-- GIVEN INFORMATION follows --
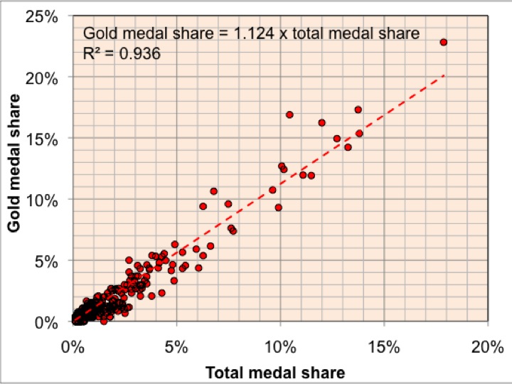 Figure 3. The relationship between gold medal share and total medal share for the 6 Olympic Games between 1988 and 2008.
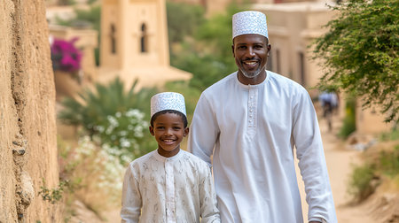 Generative AI Image of African Father and Son in Islamic Mosque with Trees
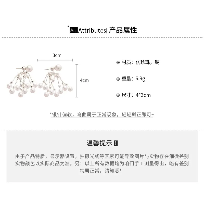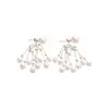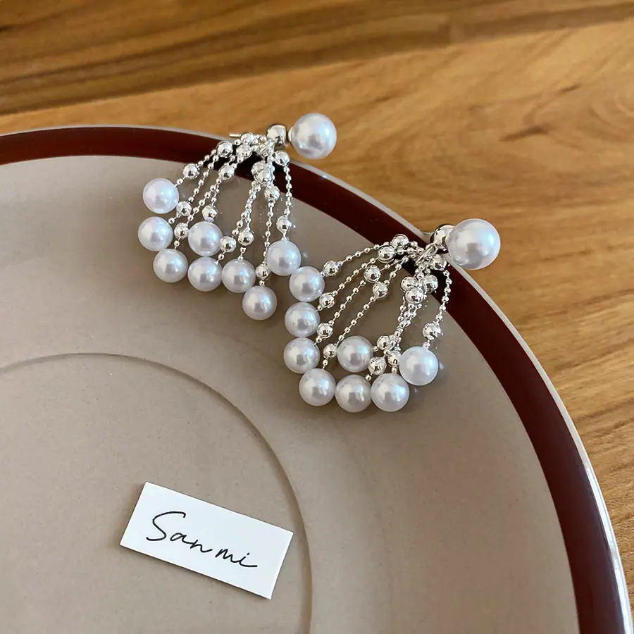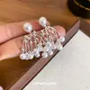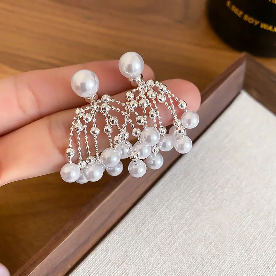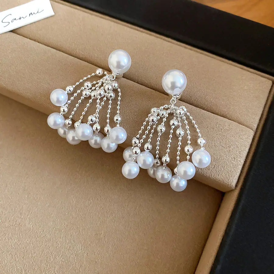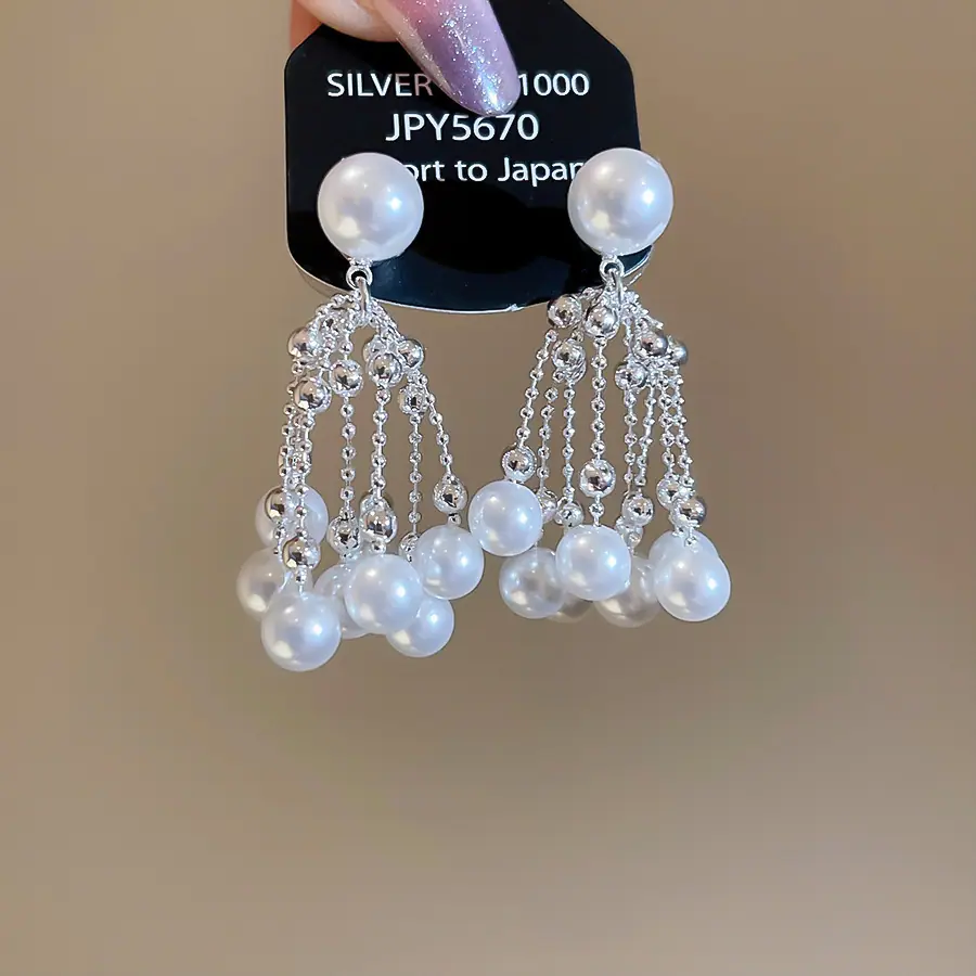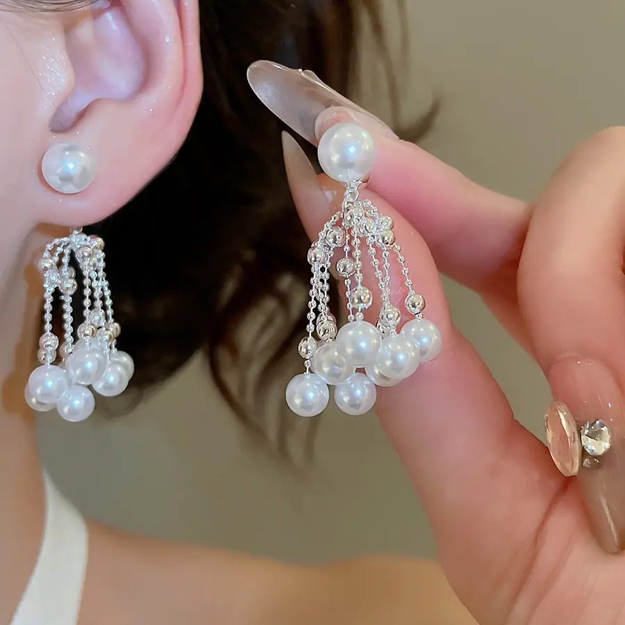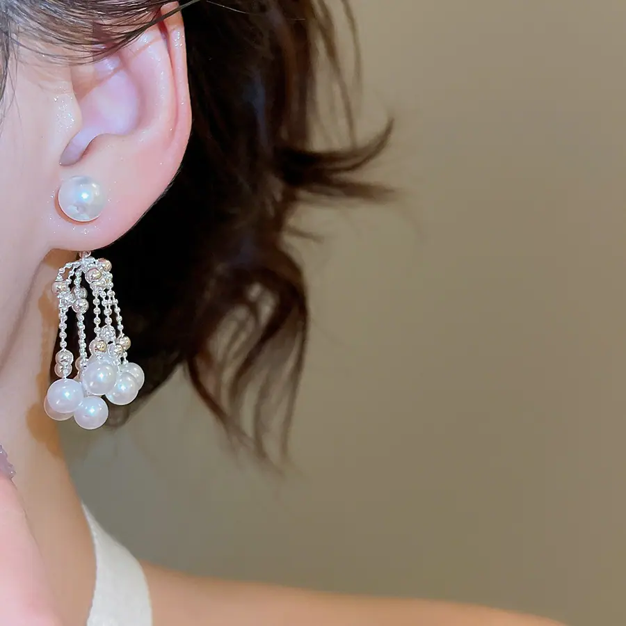 Aretes de Tuerca de Perlas con Borla Retro Francesa de Aguja de Plata Aretes Nicho de Alta Gama de Lujo Ligero Aretes Elegantes de Temperamento para Mujer
-- GIVEN INFORMATION concluded --
• REQUIRED ACTION
Repeat all of the material above exactly, leaving out pictures.

• EXERCISE RESPONSE
 Figure 3. The relationship between gold medal share and total medal share for the 6 Olympic Games between 1988 and 2008.
 Generative AI Image of African Father and Son in Islamic Mosque with Trees
 Aretes de Tuerca de Perlas con Borla Retro Francesa de Aguja de Plata Aretes Nicho de Alta Gama de Lujo Ligero Aretes Elegantes de Temperamento para Mujer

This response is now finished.